Cam didn’t like to think about it, but he’d already had a disagreement with L.L. over having single female students. L.L. had been shocked when Eunice and Florence applied for Camp Wycliffe. He had never for a moment considered that single women would respond to the call to live and work among remote Mexican tribes. In his mind it was a job for men, and he had wasted no time in telling Cam he should not accept female applicants. Cam, though, would not hear of it. After all, he pointed out, Camp Wycliffe was designed to weed out those who didn’t have the stamina to survive in a primitive situation. He would wait until then to make a decision on the women, and he encouraged L.L. to do the same.
On the first day of camp, Cam told the students about the changes he had seen in Tetelcingo in the time he had been there. He showed them photos of Mayor Martin Méndez and told of how the mayor had come complaining to Cam that “the book” was stopping him from doing the bad things that up until then he had looked forward to doing. Cam also described the unexpected visit by President Lázaro Cárdenas and the president’s invitation for Cam to bring as many translators as he could to Mexico. Last, he told them about all of the things that the president had done to help the Indians. A week after the president’s visit, government trucks had begun rolling down the potholed road and into Tetelcingo. The first truck brought fruit trees, already in bud; the second carried a load of purebred pigs; and the third, a huge bull and a cow to improve the bloodline of the local cattle.
Cam explained how overwhelmed he was at President Cárdenas’s personal interest in his project—interest that didn’t stop with fruit trees and farm animals. There was much more. Several hundred acres of fertile land around Tetelcingo were purchased from Ladino landowners and given to the Indians so that they could grow their own crops.
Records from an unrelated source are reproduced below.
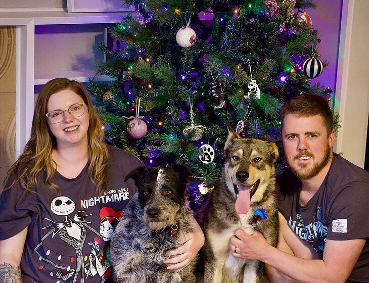 They anre inside and outside dogs and they sleep in a crate at night Then we have two inside cats John who once he warms up loves a cuddle and Harlow who has a nickname ghost cat she is very shy even with us so will often hid.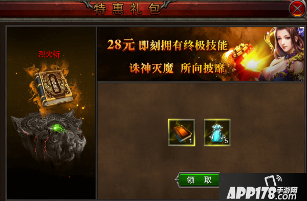 接着就是终极技能。传说中PK时能把对方一刀秒杀的烈火斩只需28元,这价格让小编心里痒痒的,虽然性价比没有至尊VIP的高,但烈火斩这种居家旅行杀人抢Boss必备的技能实在太吸引,咬咬牙一块买了!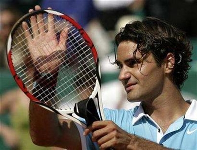 Roger Federer of Switzerland reacts after winning his match against David Nalbandian of Argentina in the Monte Carlo Masters Series tournament in Monaco, April 25, 2008. Federer hopes to celebrate his 27th birthday on August 8 by carrying the flag again for Switzerland at the opening ceremony of the Olympic Games. [Agencies]
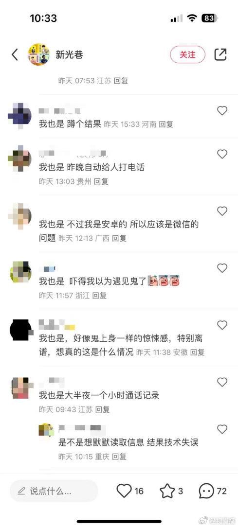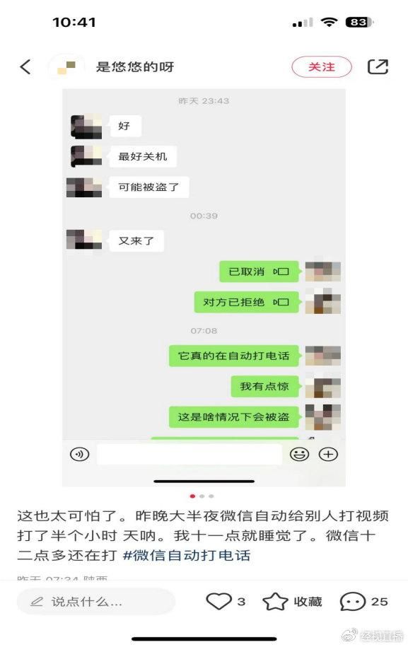 微信出BUG?众多网友反映微信自动给别人打电话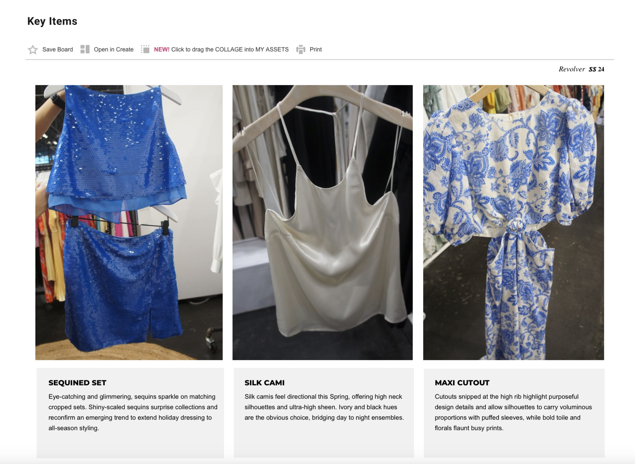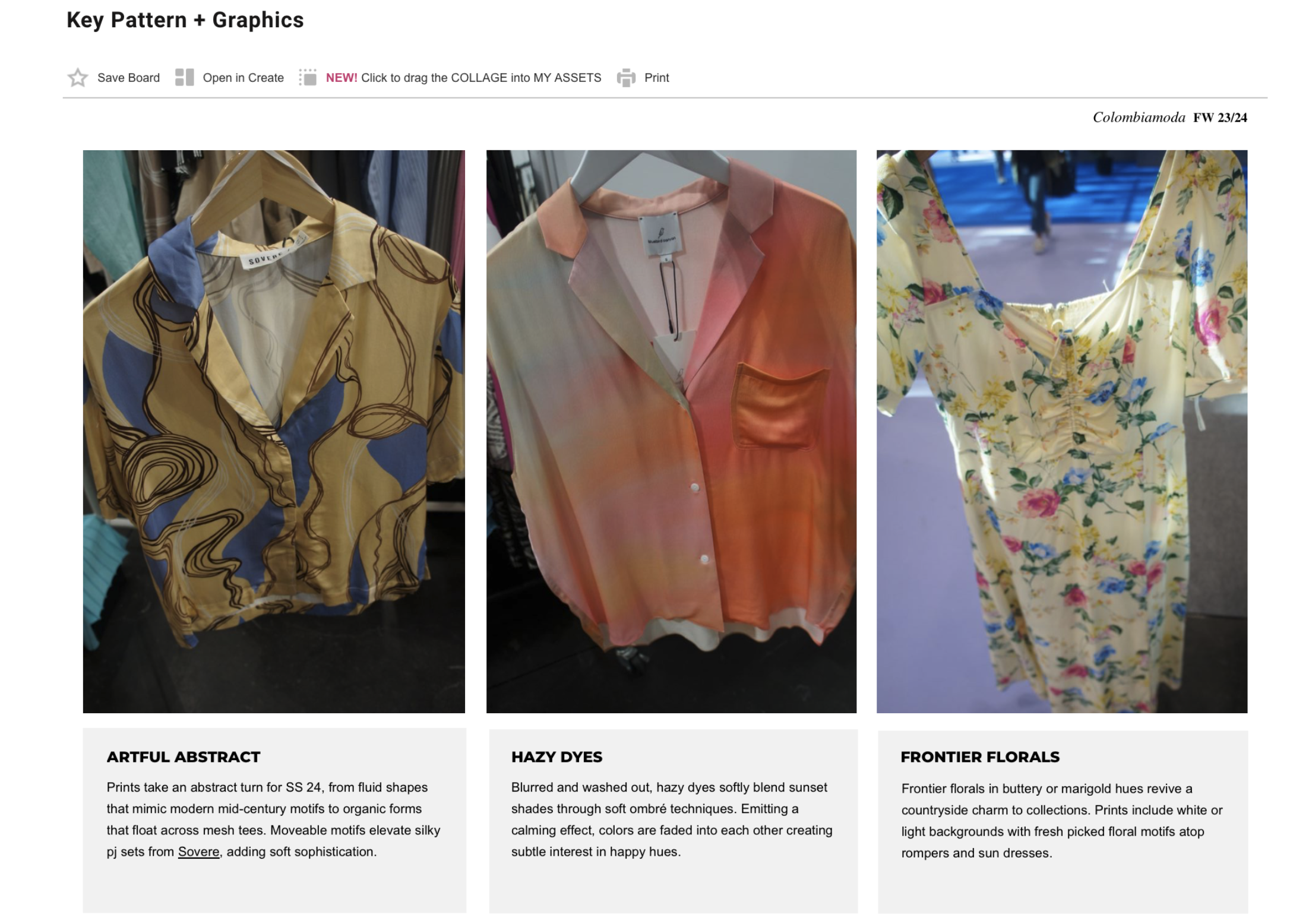 Developed fabrics, prints and trims.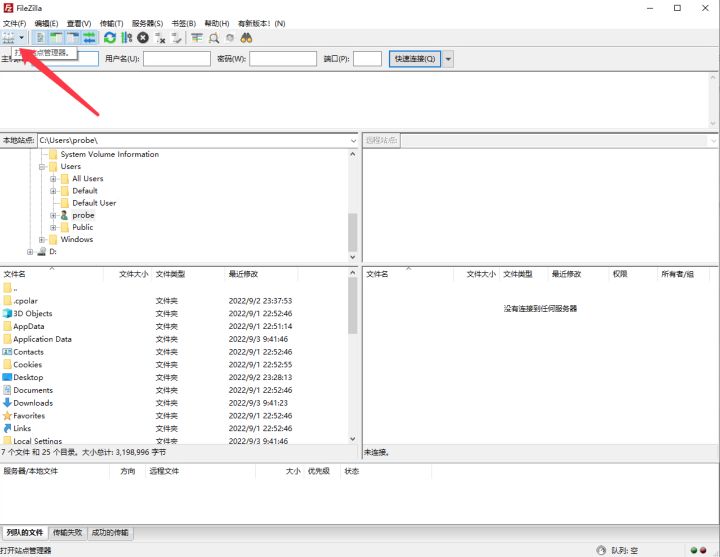 我們打開filezilla,按步驟2的操作方式,重新添加一個新站點。在工具欄里,打開站點管理器,添加新站點。

A small parcel of the land was set aside for a new school. Agronomists from the university in Mexico City were sent to help the Indians find better ways to grow crops, and a sprawling new irrigation system was dug. Simple land-tilling equipment was donated, along with a generator. Wires were strung to every house in the village so that the people could have electric lights in their homes.
Mrs. Cárdenas became interested, too. She sent clothes for the children and a sewing machine so that more could be made. A playground was built, and the government was even surveying a tract of land between Tetelcingo and the Pan American Highway so that a modern connecting road could be built. This would provide the Indians a way to get their new crops to market in Mexico City.
Everyone seated on the nail kegs around Cam cheered what was happening. It had been exactly a year since the students in the second Camp Wycliffe had prayed that God would change the hearts of those in the Mexican government. What a change they had seen in a year.
Camp Wycliffe went smoothly. This time instead of being a student, Ken Pike was one of the lecturers. L.L. had his doubts about this. After all, Ken was only in his early twenties and looked even younger than that. But Cam saw tremendous potential in Ken Pike as a linguist and wanted to do all he could to encourage him. As it turned out, Ken was one of the most popular speakers, since he had firsthand stories about what life was like in a remote Mexican village. By the end of the camp, Ken had proved himself to be a knowledgeable and entertaining lecturer.
The two women students had shown as much ability during the camp as any of the men, and Cam could see no reason not to take them along on the trip south to Mexico. This time, though, Cam’s niece Evelyn did not accompany them to Mexico. She went back to college to finish her degree, and her cousin, Ethel Mae Squires, took her place as Elvira’s nurse and helper. By now, the young recruits in Camp Wycliffe had followed Evelyn and Ethel Mae’s example and referred to Cameron Townsend as “Uncle Cam,” a name that stuck. In the years to come, thousands of people all over the world would also refer to him that way.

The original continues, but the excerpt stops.